Well, I know the Heron house was yesterday.

David Bowie is gone.

The Man Who Fell to Earth is back in the heavens. The Thin White Duke has gone silent.

I have this annoying habit. The very first thing I do every morning after my feet hit the floor - even before making coffee - is grab my longtime early morning companion. Not my wife. My old portable transistor radio. It is always tuned to KYW Newsradio 1060-AM. As I head down the steps toward the coffee maker, I flip it on to see what has transpired before I slid into my normal coma the night before.

Yesterday I was stopped dead in my tracks. That's how I learned of Bowie's passing.

And that's when I knew there was something else I had to do. I had to tell my wife.

Mrs. Heron was a huge fan of David Bowie. Still is.

That was not so easily done in the early '70s, when she was barely entering her teens.

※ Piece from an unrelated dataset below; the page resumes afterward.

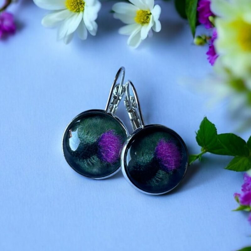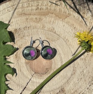 Proste kolczyki na biglu angielskim ozdobione są szklanym, przezroczystym kaboszonem, pod którym znajduje się papier ze zdjęciem polskich roślin łąkowych – w tym wyrazistego ostu, symbolizującego siłę, wolność i naturalne piękno.

It did not make her especially popular in her Catholic high school, when so many of the 'in' crowd wondered what she saw in this 'weird' pop star.

What she saw was genius. And something else she has carried with her through life.

Bowie brought to the forefront lifestyles that certainly were not part and parcel of the American dream up to that point.

Everything about his androgynous hero Ziggy Stardust questioned the way society dealt with sex and gender, to say nothing of music genres.

Oddly enough (maybe a Space Oddity?) my wife and I had similar tastes in music, but only later would we realize we had likely been at many of the same concerts.

That includes her hero Bowie.

She would seek out her grandfather to take her at all hours of the day and night, first to score tickets, then to deliver them to the shows. He did not pretend to understand the music, but he dearly loved the kids.

I see lots of Bowie in my wife, especially when it comes to relating to other people, in particular people whose lifestyle may not necessarily jibe with society's vision of the idyllic life.

She passed those traits along to our children, maybe the best thing she has ever done.

How do I know this?

I'm supposed to be the writer in this family.

But upon learning of Bowie's death, our daughter posted this message on Facebook. It is exquisite.

She is her mother's daughter.

"While Ziggy Stardust, Major Tom, the Thin White Duke, the Man Who Sold The World, Aladdin Sane, and so many other voices are deathless, it's deeply sad that we've lost the man who gave soul to all of them.

"Bowie was so many things, but perhaps the plainest (and most moving to me) was that he was a creator of compassion. His personae were often tragic, outré, vice-ridden, or all three. By inhabiting all of them so well and baring their hearts through such stellar music, he brought us all to a deeper place of empathy, beyond the borders of what struck us as comfortable, familiar, or even earthly.

"I am grateful that he fell to Earth and so sorry to see him go."

RIP, Thin White Duke.

Yes, you left a huge legacy after falling to terra firma.